Dude just change discover's update mechanism in the settings. Discover usually reboots to install updates so that nothing goes wrong. You can change it though, so that updates are applied instantly. That way you'll only need to reboot for kernel updates.
So after reading the comments it's not that you need to reboot. It's your need to process notifications.
Can you provide more details on why you were forced to reboot so regularly?
Fedora is nicest when you use a lot of flatpaks imo. They just update constantly in the background without reboot.
Only system updates need reboot.
Even better: Silverblue! (I use uBlue)
Everything gets updated in the background without even needing intervention, not even a "you need to click here to download and reboot to apply changes"-notification.
I shut down my PC every few days when I leave the house for longer and boot into the next base-image without even noticing.
And if I do because something doesn't work, I just select the image from yesterday.
Oh yeah, and 99% of my apps are Flatpaks anyway, which auto-update too by default.
I just don't notice my OS in any way, I just work with it. Lovely!
I agree, I actually use Silverblue as well. The only thing I added was a script to auto update distrobox too.
Yeah, seems definetly excessive. I don't know fedora good enough to tell you what you're doing wrong though, sorry
I'm not doing anything wrong, it's just made that way. Browser update? Reboot. Update to an app that I haven't even opened in weeks? Reboot.
It isn't, though. Made that way, I mean. I update maybe weekly and restart my system when I do. That's it. I seldom get notification that I need to update unless I open the Gnome Software app, and unless it's a security update, it's not imperative to do it just because it's there. And even then, it doesn't always require a restart.
I've been using Fedora off and on (mostly on) for the better part of a decade, and I've never run into what you're describing. So no. It isn't "made that way." I imagine if it were, it would be a hell of a lot less popular.

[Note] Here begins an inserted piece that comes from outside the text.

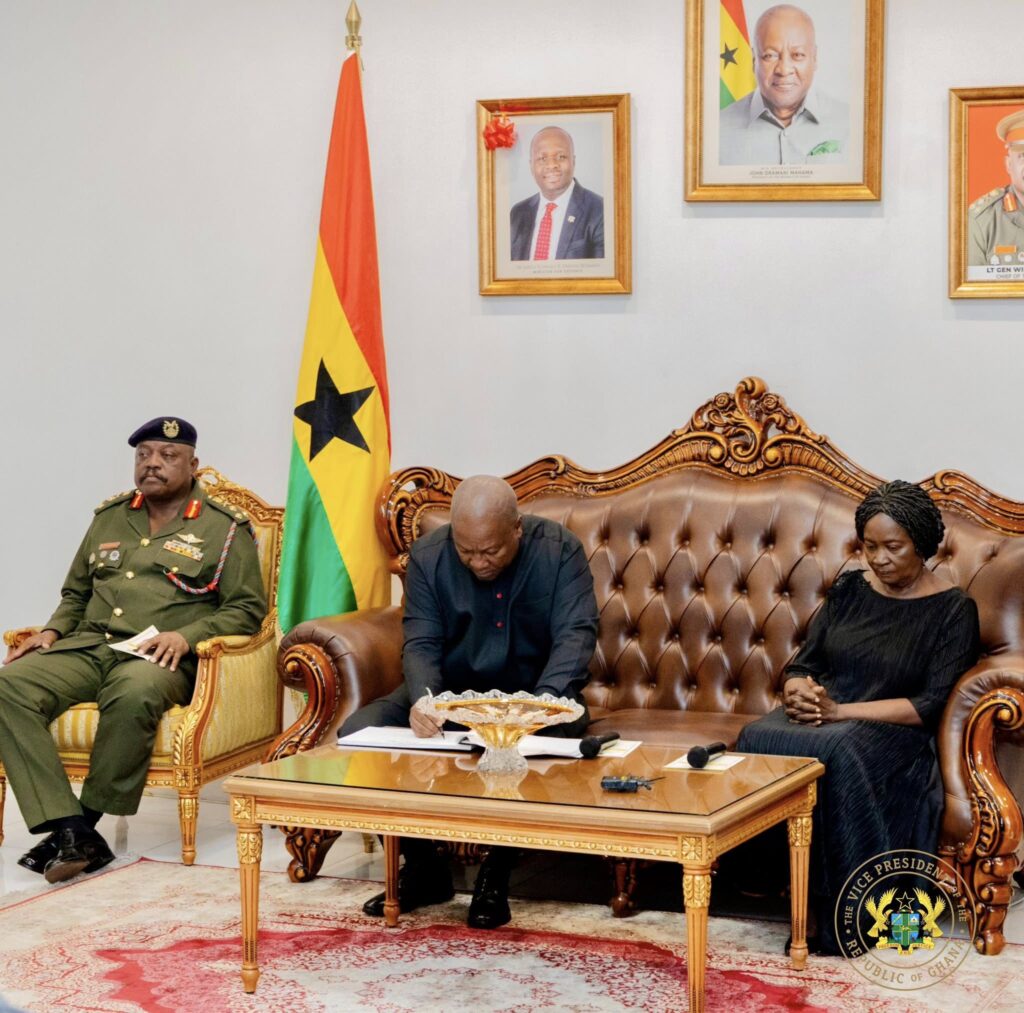 In a solemn show of national unity and compassion, President John Dramani Mahama, accompanied by Vice President Jane Naana Opoku-Agyemang and other senior government officials, visited the office of the Chief of Defence Staff, Major General William Agyapong, to extend heartfelt condolences to the families of the fallen military personnel.

I am using Nobara, which is a Fedora based gaming distro. I definitely do not have to reboot for updates to software outside of system updates to the OS specifically. Updating Discord, Firefox, Steam, Heroic Launcher, Signal, etc does not require a reboot. Something sounds amiss. I am running straight Fedora on my Surface Pro and same story there, basically restart for system upgrades only.
Using MX Linux, I reboot only after kernel upgrade
Like the other comment mentioned, you don't need to reboot, unless you've updated the kernel.
If you somehow downloaded by mistake an immutable system, like Fedora Silverblue or Fedora Kinoite, know it's not the classic way to manage Linux systems.
But even with an immutable distro you don't have to reboot. The updated image just gets downloaded in the background and booted into when you restart. There is no harm in still being booted from the old image id you don't specifically need anything only included in the new one. Nothing forces you to reboot.
Silverblue is my daily driver. Everything is in flatpaks, which update automatically, or in distrobox which I have a bash script that updates automatically.